Would you do it?

posted 1 year ago in Career
  • poll: Would you take a 60% pay increase if it meant leaving a team you loved?
    I'd take it : (64 votes)
    94 %
    I'd stay : (4 votes)
    6 %
  • Post # 16
    Member
    3393 posts
    Sugar bee
    • Wedding: January 2021

    Unless you have any reason to believe the workplace you would be moving to would be hostile or disrespectful, or you’d be moving on to work that you find dissatisfying, I see no reason not to take the opportunity. Make sure you do your homework to find out as much as you can about the work environment as well as the position you’ve been asked to fill, adn then make an informed decision. 

    If the only thing holding you back is that you like the people you are currently working with, then I think it would be silly not to take the higher paying job. There are nice people everywhere and you’ll make new work friends. Besides, if the team you work with is really that important to you, you can remain friends outside of work after you leave. If they’re not important enough to you that you see yourself continuing to be friends after you leave, then they’re most certainly not important enough to give up a great opportunity for!

    Post # 17
    Hostess
    3844 posts
    Honey bee
    • Wedding: November 2016

    sbl99 :  What does the new job offer as far as healthcare goes?  A lot of gov contract jobs lack a lot of the benefits other jobs have that makes the pay increase negligible.  My preference would be to stay at my current job with the team I loved, but I’ve been a gov contractor and wouldn’t give up my permanent job to do that again, regardless of the pay increase.  

    Post # 18
    Member
    3393 posts
    Sugar bee
    • Wedding: January 2021

    PPs make some good points about it being a contact position – how confident are you that it will become permanent? Is it essentially a matter of “it’s contract just so that they can be sure I’m the right fit before taking me on permanently” and you are confident you will perform the job to the required expectations? Then take it. If there is no real reason to believe it will become permanent, I’d be much more hesitant. You could use the offer as leverage to ask for a raise at your current position. 

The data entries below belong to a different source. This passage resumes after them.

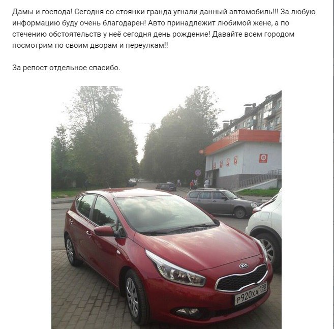 25 сентября в группе “Подслушано Автомобилистов” появился пост от владимирца, у жены которого украли машину. Молодой человек попросил подписчиков быть внимательнее и, если кто-либо заметит KIA Ceed, немедленно сообщить ему. Он добавил, что у его жены сегодня день рождения. Потерпевший также сообщил, что написал заявление в полицию и по камерам слежения ТЦ “Гранд” машину уехала в сторону администрации области.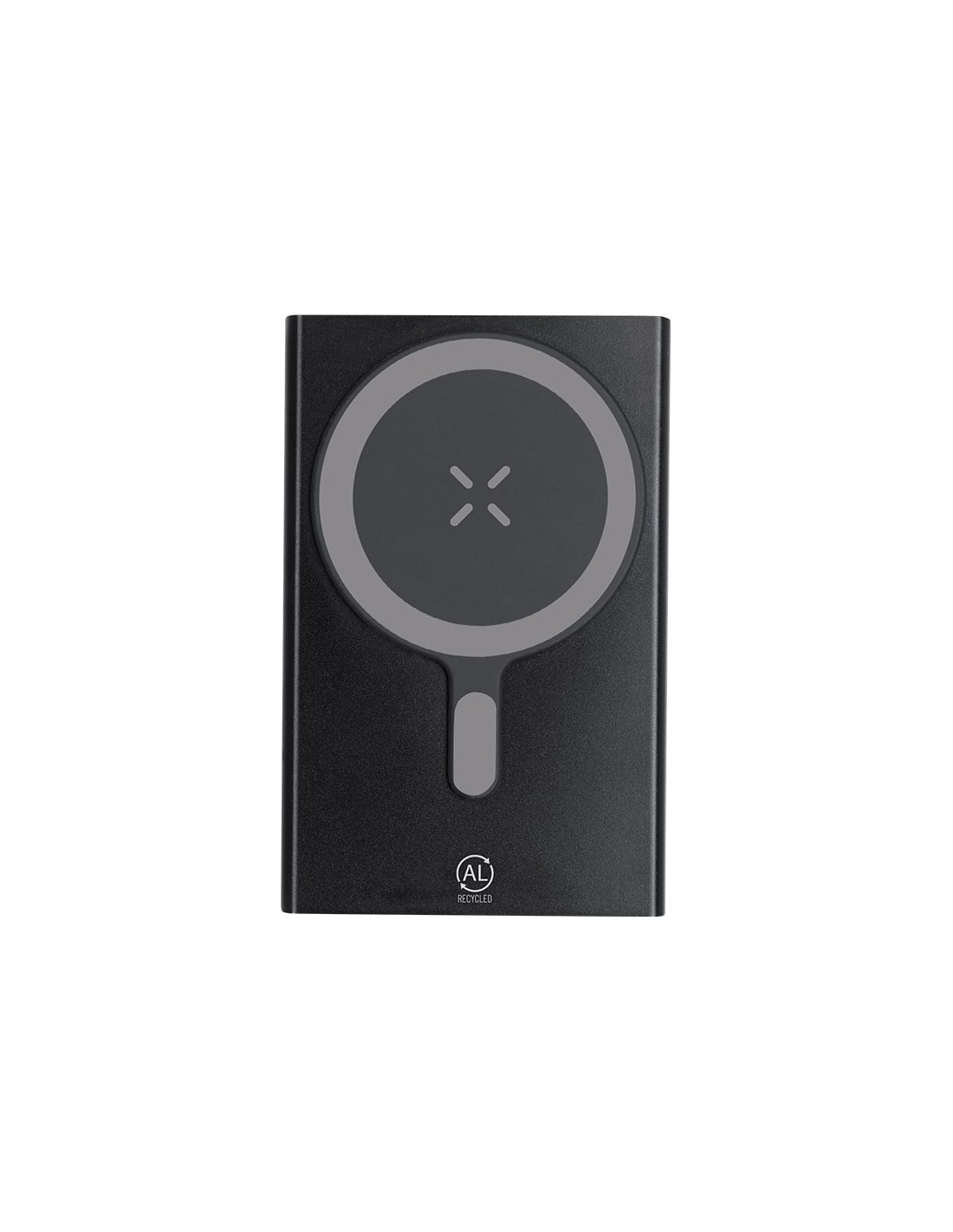 Batería auxiliar externa de 5.000 mAh fabricada en Aluminio Reciclado, con carga inalámbrica de 15W para tecnología Qi y fijación magnética Magsafe y entrada/salida USB Tipo C. Indicadores LED de estado de carga, botón de encendido/apagado y cable de carga Tipo C incluido. Incluye distintivo de Aluminio Reciclado.El Aluminio Reciclado es un material con posibilidades de reciclaje casi infinitas, sin perder sus propiedades originales y consumiendo menos energía en este proceso.Certificación GRS (Global Recycled Standard / Estándar de Reciclaje Global), que garantiza el origen reciclado del material usado para fabricar el producto.Entrada/Salida USB Tipo C: 5-9 V CC 1-1,67 ALas capacidades mostradas en todas nuestras baterías auxiliares externas son reales, incorporando todas ellas baterías de grado A y no recicladas, con una vida útil de al menos 500 ciclos de carga y según normativa CE.Además, están fabricadas conforme a los estándares RoHS y en cumplimiento con los siguientes requisitos de seguridad:Sistema de protección contra sobrecarga del power bank.Sistema de protección contra descarga completa que proporciona una mayor durabilidad del power bank.Sistema de bloqueo para evitar cortocircuitos.Sistema de transferencia de carga constante, acorde con la capacidad del dispositivo de destino. Inalámbrico 15W. Magnético. 5000 mAh. Salida y Entrada Tipo C Aluminio Reciclado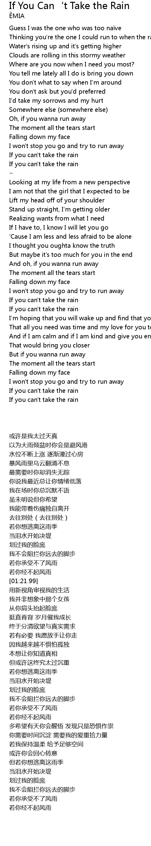 | [00:18.23] | Thinking you' re the one I could run to when the rain starts falling |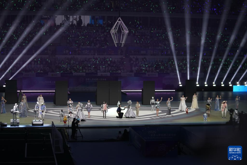 当日,2025世界人形机器人运动会在北京国家速滑馆“冰丝带”开幕。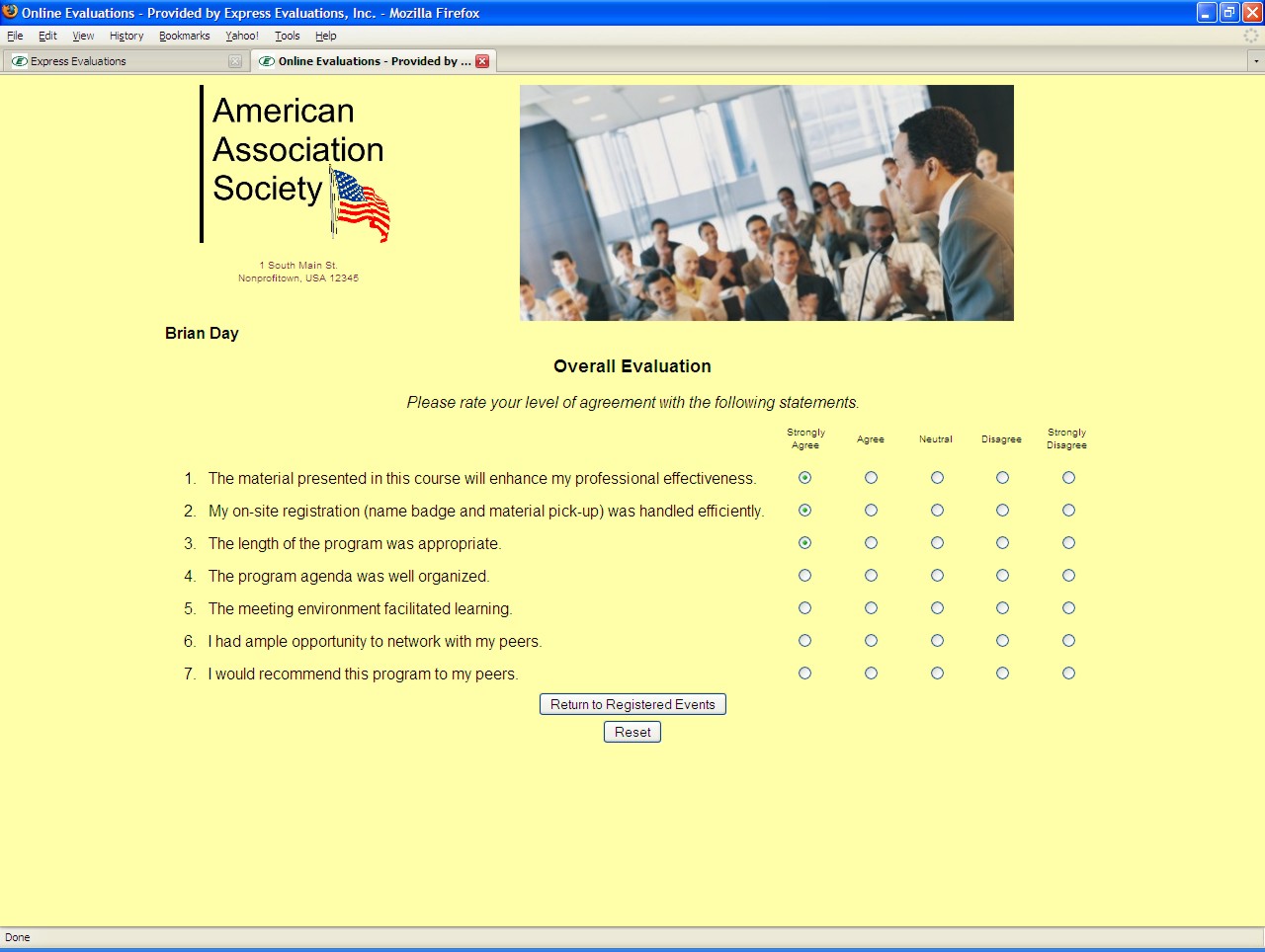 Speaker/Presenter objectives and disclosures - Speaker names and disclosures can be included with their evaluation criteria. Normally, speakers are evaluated against a standard set of objectives. This allows for a ranking of speakers amongst their peers (see Speaker Ranking Report). |

    missinthecity :  makes a good point about health benefits. Definitely look into those before deciding as well and consider how any change may impact your bottom line even after accounting for the pay increase.

    Post # 19
    Member
    1607 posts
    Bumble bee
    • Wedding: October 2019

    Money talks bull sh*t walks. Plus with govt you get pension etc. 

     

     

    Post # 20
    Member
    2419 posts
    Buzzing bee

    I’d do it in a heartbeat.

    Imagine the impact on your retirement if you continued your current standard of living and socked the extra $$$ away in 401k, IRA, etc.  

    Post # 21
    Member
    970 posts
    Busy bee
    • Wedding: June 2018 - Tizer Gardens/Carroll College

    This sounds too good to be true. I don’t think I know anyone who would be up for a $50k pay raise working for the government. I’d be hesitant. Make sure you are comparing apples to apples in your compensation packages RE healthcare, retirement, paid leave, transportation, travel, hours of work, and anticipated location that you will be expected to work.

    I took a $5k pay raise a few years ago but lost out on vacation time offered for the last three years, and I only just last month started earning my annual leave at the same rate I was when I went from a state job to a city job.  I also lost out a little in how much my previous employer contributed to our retirement. Otherwise, the benefits at the new place far outweighed the old location – and I was bitter about the amount I was getting paid, too.